Алексей Зверев - Набоков
Семь лет, с 1950-го по 1957-й, «Онегин» оставался для Набокова главным литературным делом, хотя за те же годы были написаны и «Лолита», и «Пнин». Но именно комментарий служил живой нитью, тянущейся к тому миру, который вместил в себя все самое насущное для Набокова, олицетворяя ценности, признанные им неподдельными и незаменимыми: творческий гений и духовный аристократизм. Вероятно, оттого он и воспринимал критические отзывы о своем «Онегине» так болезненно, ввязываясь в полемику с рецензентами, которую запретил себе еще в бытность Сириным.

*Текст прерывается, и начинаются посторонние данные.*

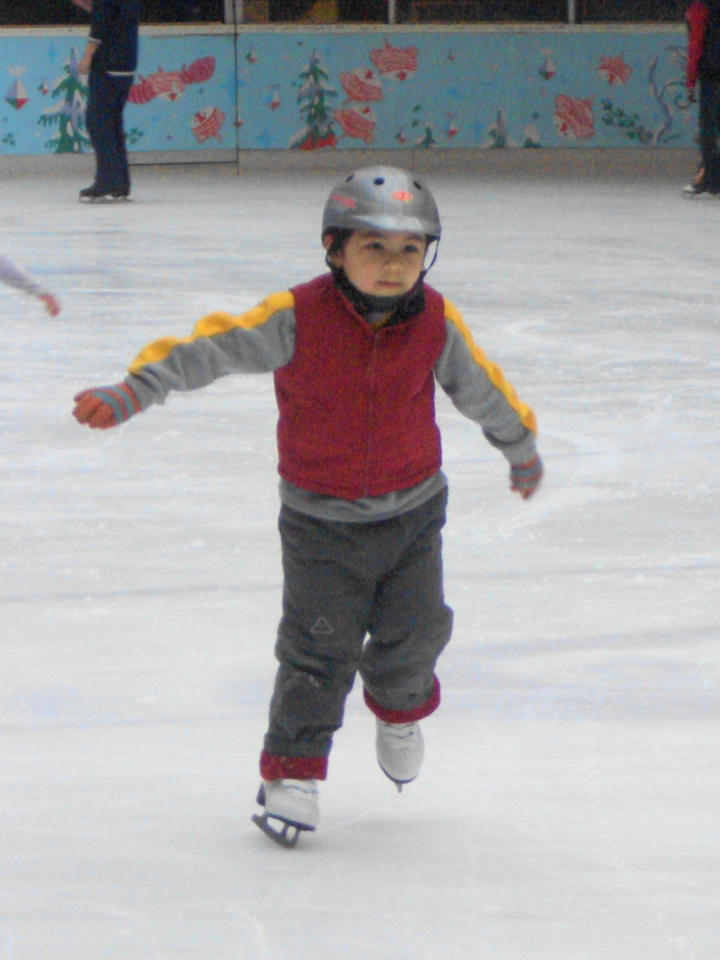 北京、5歳。スケート靴以外全て近所のお兄ちゃんS君のおさがりです~。人民並みに着込んでますね。

Полемика сохранила интерес только для тех, кто изучает литературную биографию Набокова, «Онегин» — во всяком случае, комментарий — значителен как творческое свершение, а еще больше — как живое свидетельство пожизненной набоковской приверженности миру русской культуры, создавшей Пушкина. Может быть, как последнее яркое свидетельство такого рода.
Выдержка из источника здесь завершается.